> _Exercise directions_: Copy each line of the records that holds the string "projektów".

........

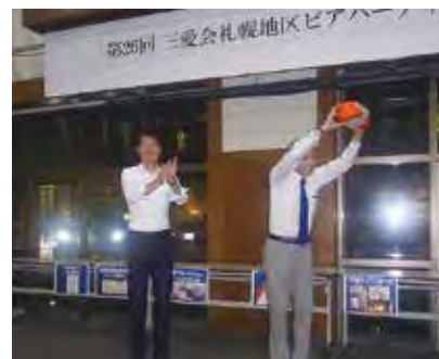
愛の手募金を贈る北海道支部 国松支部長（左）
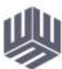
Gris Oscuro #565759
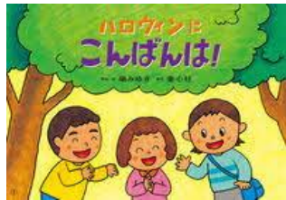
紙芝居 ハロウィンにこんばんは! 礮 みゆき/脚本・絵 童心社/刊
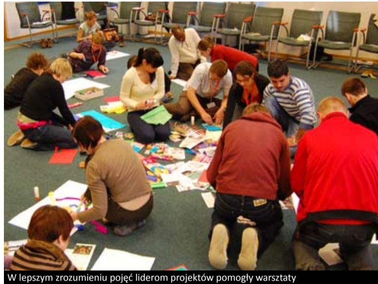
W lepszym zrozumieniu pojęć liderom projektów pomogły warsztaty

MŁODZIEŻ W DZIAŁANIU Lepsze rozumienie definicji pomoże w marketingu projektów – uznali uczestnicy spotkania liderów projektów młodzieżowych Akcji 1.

........

> _Task solution_:
W lepszym zrozumieniu pojęć liderom projektów pomogły warsztaty
MŁODZIEŻ W DZIAŁANIU Lepsze rozumienie definicji pomoże w marketingu projektów – uznali uczestnicy spotkania liderów projektów młodzieżowych Akcji 1.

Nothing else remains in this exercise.